Shorter Rick Santorum: Know who else thought government had a role in educating children? Hitler!
It is a parent’s responsibility to educate their children. It is not the government’s job.
I admit to being puzzled as to why so many people think parent's responsibilities and government's jobs are mutually exclusive. Do we not both defend our children, for example, both at home and through constitutional mechanisms? Why, then, should each authority not have some role in education, especially when the health of the republic is at stake?
One thing I love about Vermont's constitution is that education is an integral part of our frame of government. As the state supreme court observed:
[F]or the founders of the frontier Republic of Vermont the fostering of republican values, or public “virtue” as it was commonly known in the eighteenth century, was not the empty rhetoric it often seems today; it was an urgent necessity — a matter literally affecting the survival of the new Republic.
This urgency was reflected in the Constitution, one provision of which instructed that “frequent recurrence to fundamental principles, and a firm adherence to justice, moderation, temperance, industry and frugality, are absolutely necessary to preserve the blessings of liberty.” Vt.
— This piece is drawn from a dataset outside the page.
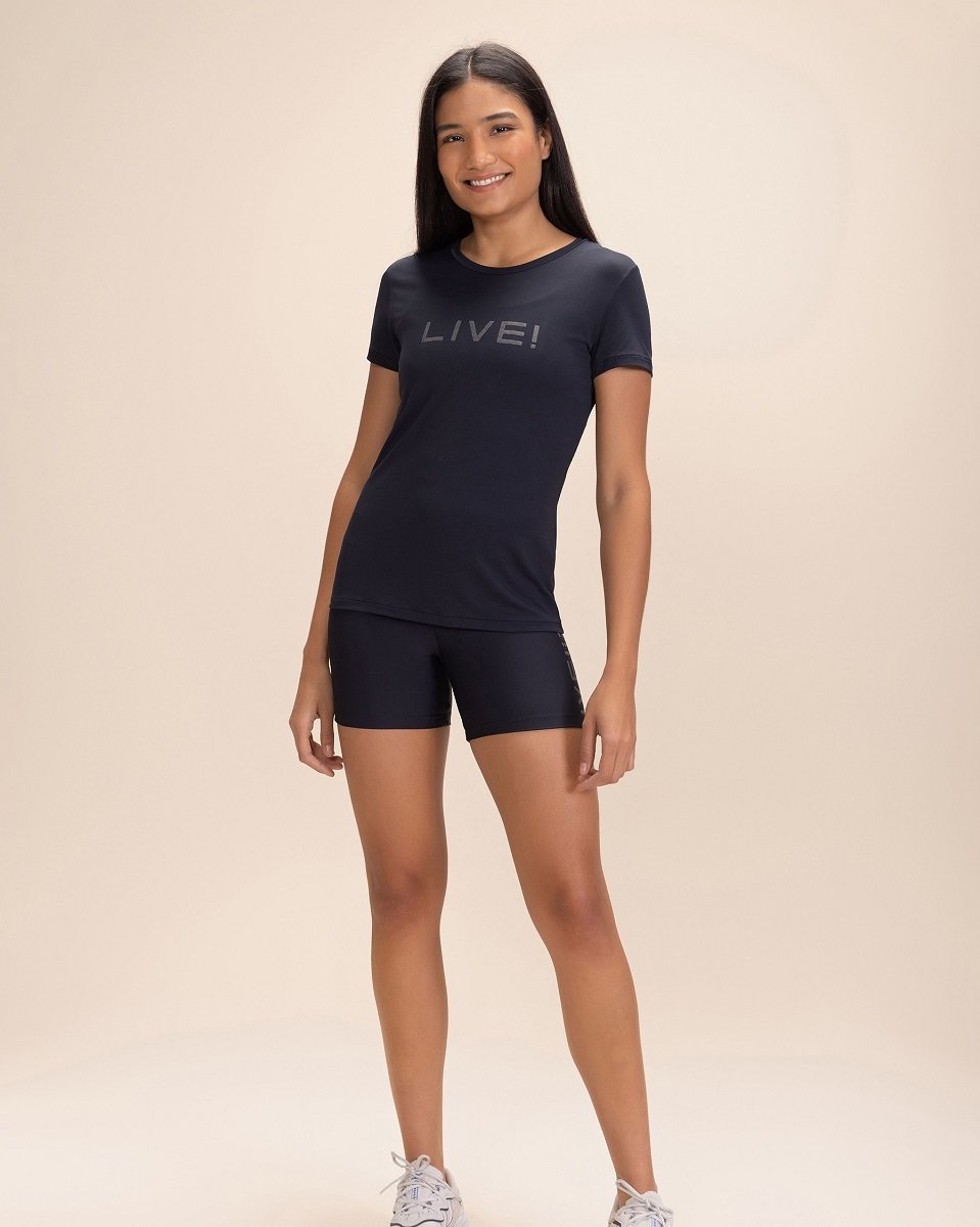O top Live proporciona suporte ideal para treinos dinâmicos, e a camiseta Live é uma opção leve e confortável para qualquer ocasião.
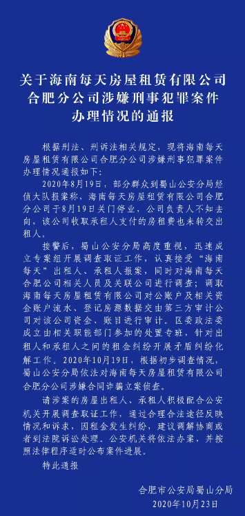 安徽网、大皖客户端讯 据合肥市公安局蜀山分局消息:10月23日,合肥市公安局蜀山分局发布了关于海南每天房屋租赁有限公司涉嫌刑事犯罪案件办理情况的通报。通报称,2020年8月19日,部分群众到蜀山公安分局经侦大队报案称,海南每天房屋租赁有限公司合肥分公司于8月19日关门停业,公司负责人不知去向,该公司收取承租人支付的房租费也未转交出租人。

Const. of 1777, ch. I, art. 16. Another constitutional provision, the so-called “Virtue” Clause, declared that “[l]aws for the encouragement of virtue, and prevention of vice and immorality, shall be made and constantly kept in force.” Id. ch. II, § 41.
Republican theory of the eighteenth century held that public “virtue” — in the broad sense of moral restraint, public responsibility, and ethical values — was the bedrock and essential ingredient of self-government. See G. Wood, The Creation of the American Republic, 1776-1787 68 (1969) (“The eighteenth century mind was thoroughly convinced that a popularly based government `cannot be supported without Virtue.'”). As John Adams wrote, “`Liberty' . . . `can no more exist without virtue and independence than the body can live and move without a soul.'” B. Bailyn, The Ideological Origins of the American Revolution 135 (1992) (quoting John Adams).(FN7)
But I guess for Santorum, there's no such thing as virtue in the classical republican sense. To him it only means, “thou shalt not use your genitals in ways of which I approve not.” Oh, and for Dog's sake,don't teach kids science!